═════ MATERIAL FOR THE TASK

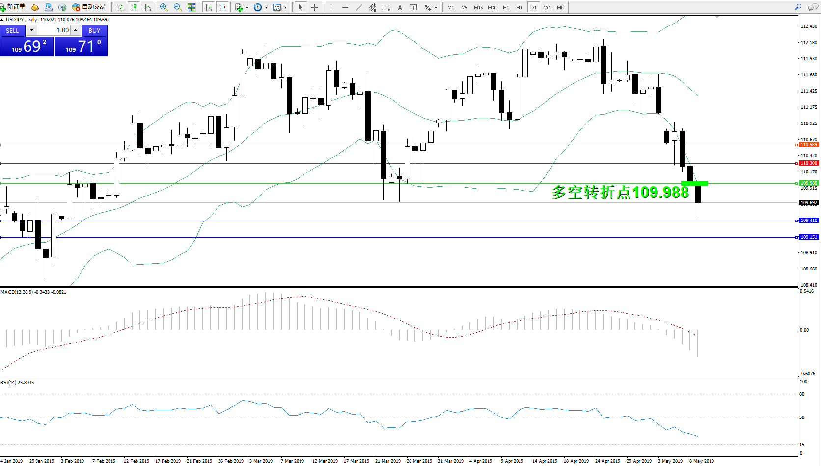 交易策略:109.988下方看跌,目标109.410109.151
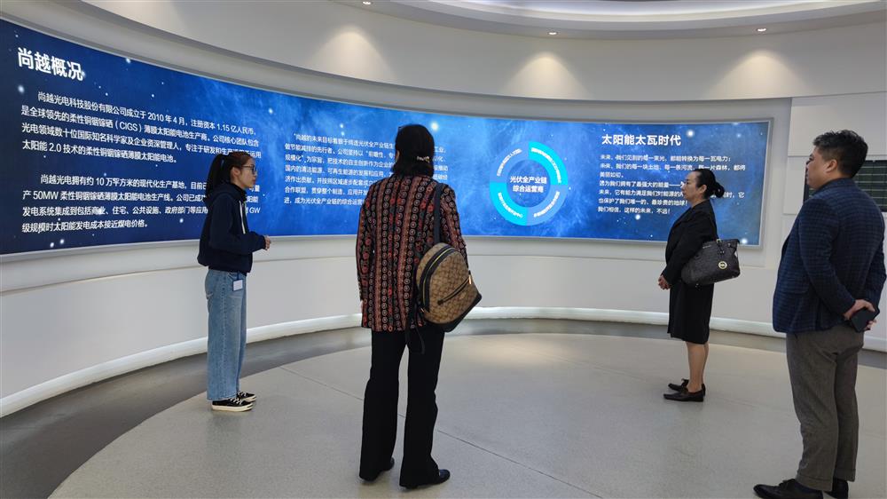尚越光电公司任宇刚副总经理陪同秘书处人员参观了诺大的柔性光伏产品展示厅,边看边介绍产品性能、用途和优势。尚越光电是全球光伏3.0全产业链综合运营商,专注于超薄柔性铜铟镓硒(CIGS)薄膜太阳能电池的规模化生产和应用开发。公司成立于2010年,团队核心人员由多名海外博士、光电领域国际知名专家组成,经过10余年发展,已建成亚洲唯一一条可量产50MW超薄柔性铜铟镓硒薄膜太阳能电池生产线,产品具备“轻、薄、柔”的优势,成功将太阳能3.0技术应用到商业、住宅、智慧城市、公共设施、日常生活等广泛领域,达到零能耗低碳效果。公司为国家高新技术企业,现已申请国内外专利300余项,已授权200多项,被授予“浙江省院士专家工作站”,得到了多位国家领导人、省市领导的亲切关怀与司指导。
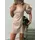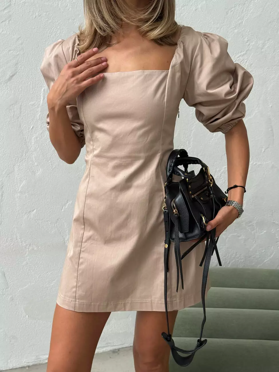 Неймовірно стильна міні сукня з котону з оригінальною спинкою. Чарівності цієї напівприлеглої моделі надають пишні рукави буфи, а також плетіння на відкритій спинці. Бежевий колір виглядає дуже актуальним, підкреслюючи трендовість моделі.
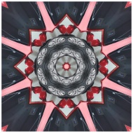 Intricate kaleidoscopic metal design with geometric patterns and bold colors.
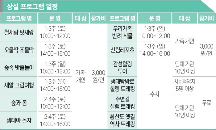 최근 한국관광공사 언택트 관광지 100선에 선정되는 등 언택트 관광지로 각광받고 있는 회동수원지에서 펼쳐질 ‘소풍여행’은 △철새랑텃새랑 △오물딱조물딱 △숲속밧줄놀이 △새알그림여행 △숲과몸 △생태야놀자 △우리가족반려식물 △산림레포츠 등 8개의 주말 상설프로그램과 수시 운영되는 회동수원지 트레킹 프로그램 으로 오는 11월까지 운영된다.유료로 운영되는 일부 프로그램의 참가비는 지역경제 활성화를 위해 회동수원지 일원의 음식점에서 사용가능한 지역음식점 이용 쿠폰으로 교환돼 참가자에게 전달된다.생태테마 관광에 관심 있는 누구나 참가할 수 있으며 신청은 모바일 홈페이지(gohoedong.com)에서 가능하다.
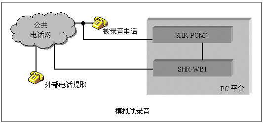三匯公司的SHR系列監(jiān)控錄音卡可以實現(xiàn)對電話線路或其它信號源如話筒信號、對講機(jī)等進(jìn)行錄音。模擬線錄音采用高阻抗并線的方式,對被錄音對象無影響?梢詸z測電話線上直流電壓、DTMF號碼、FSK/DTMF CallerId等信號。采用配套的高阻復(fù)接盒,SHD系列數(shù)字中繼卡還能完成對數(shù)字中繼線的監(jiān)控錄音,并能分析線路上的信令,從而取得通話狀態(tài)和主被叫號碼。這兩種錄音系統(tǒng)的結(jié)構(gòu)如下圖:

══════════
═════ MATERIAL FOR THE TASK

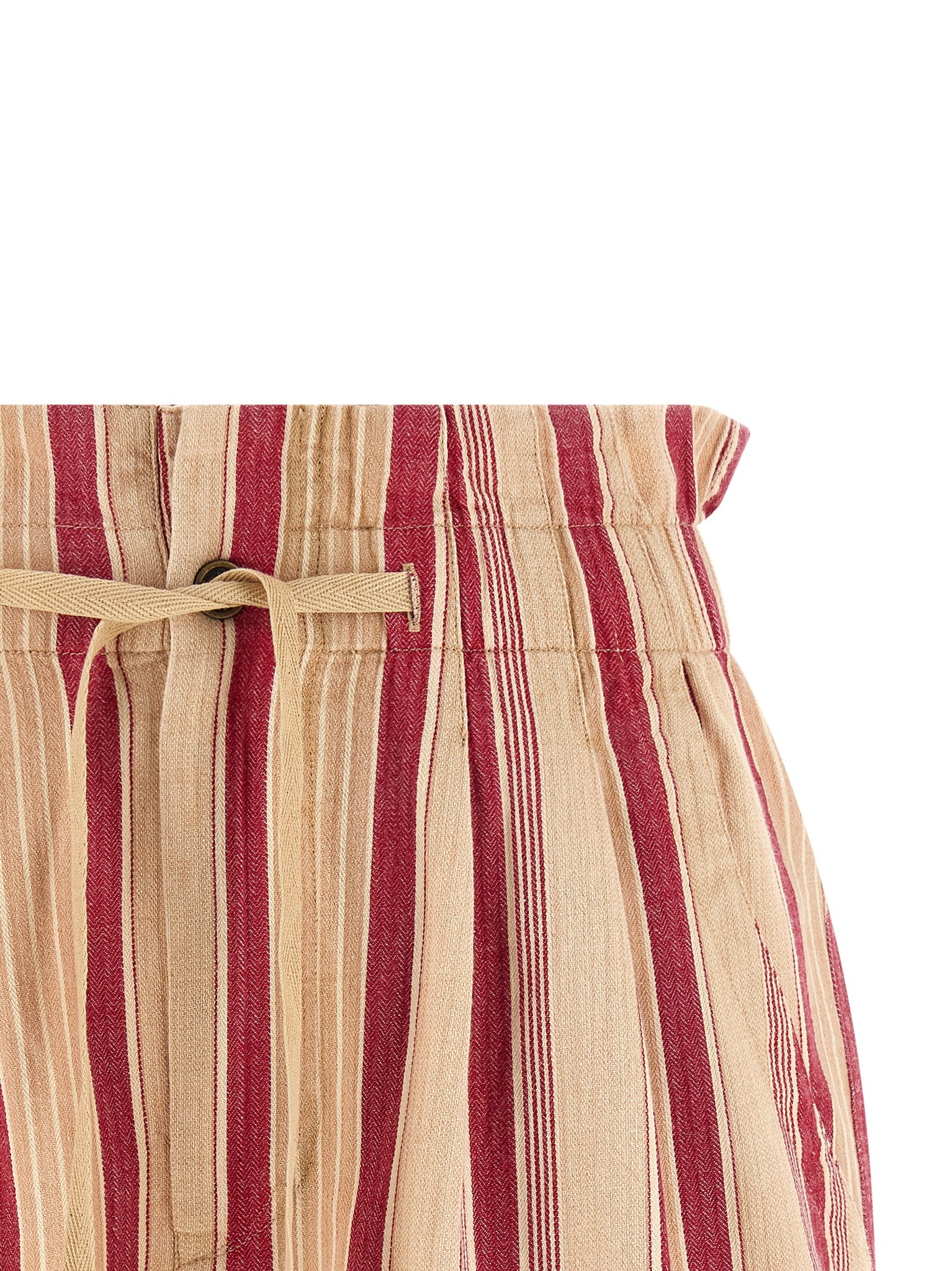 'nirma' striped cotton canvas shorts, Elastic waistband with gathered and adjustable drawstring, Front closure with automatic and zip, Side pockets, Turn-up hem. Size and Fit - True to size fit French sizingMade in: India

══════════

__YOUR INSTRUCTIONS__
Pictures do not belong in the answer. Return the lines above starting at the one with "尚越光电公司任宇刚副总经理陪" and ending at the one with "三匯公司的SHR系列監(ji", both kept, exactly.

__TASK SOLUTION__
尚越光电公司任宇刚副总经理陪同秘书处人员参观了诺大的柔性光伏产品展示厅,边看边介绍产品性能、用途和优势。尚越光电是全球光伏3.0全产业链综合运营商,专注于超薄柔性铜铟镓硒(CIGS)薄膜太阳能电池的规模化生产和应用开发。公司成立于2010年,团队核心人员由多名海外博士、光电领域国际知名专家组成,经过10余年发展,已建成亚洲唯一一条可量产50MW超薄柔性铜铟镓硒薄膜太阳能电池生产线,产品具备“轻、薄、柔”的优势,成功将太阳能3.0技术应用到商业、住宅、智慧城市、公共设施、日常生活等广泛领域,达到零能耗低碳效果。公司为国家高新技术企业,现已申请国内外专利300余项,已授权200多项,被授予“浙江省院士专家工作站”,得到了多位国家领导人、省市领导的亲切关怀与司指导。
 Неймовірно стильна міні сукня з котону з оригінальною спинкою. Чарівності цієї напівприлеглої моделі надають пишні рукави буфи, а також плетіння на відкритій спинці. Бежевий колір виглядає дуже актуальним, підкреслюючи трендовість моделі.
 Intricate kaleidoscopic metal design with geometric patterns and bold colors.
 최근 한국관광공사 언택트 관광지 100선에 선정되는 등 언택트 관광지로 각광받고 있는 회동수원지에서 펼쳐질 ‘소풍여행’은 △철새랑텃새랑 △오물딱조물딱 △숲속밧줄놀이 △새알그림여행 △숲과몸 △생태야놀자 △우리가족반려식물 △산림레포츠 등 8개의 주말 상설프로그램과 수시 운영되는 회동수원지 트레킹 프로그램 으로 오는 11월까지 운영된다.유료로 운영되는 일부 프로그램의 참가비는 지역경제 활성화를 위해 회동수원지 일원의 음식점에서 사용가능한 지역음식점 이용 쿠폰으로 교환돼 참가자에게 전달된다.생태테마 관광에 관심 있는 누구나 참가할 수 있으며 신청은 모바일 홈페이지(gohoedong.com)에서 가능하다.
三匯公司的SHR系列監(jiān)控錄音卡可以實現(xiàn)對電話線路或其它信號源如話筒信號、對講機(jī)等進(jìn)行錄音。模擬線錄音采用高阻抗并線的方式,對被錄音對象無影響?梢詸z測電話線上直流電壓、DTMF號碼、FSK/DTMF CallerId等信號。采用配套的高阻復(fù)接盒,SHD系列數(shù)字中繼卡還能完成對數(shù)字中繼線的監(jiān)控錄音,并能分析線路上的信令,從而取得通話狀態(tài)和主被叫號碼。這兩種錄音系統(tǒng)的結(jié)構(gòu)如下圖:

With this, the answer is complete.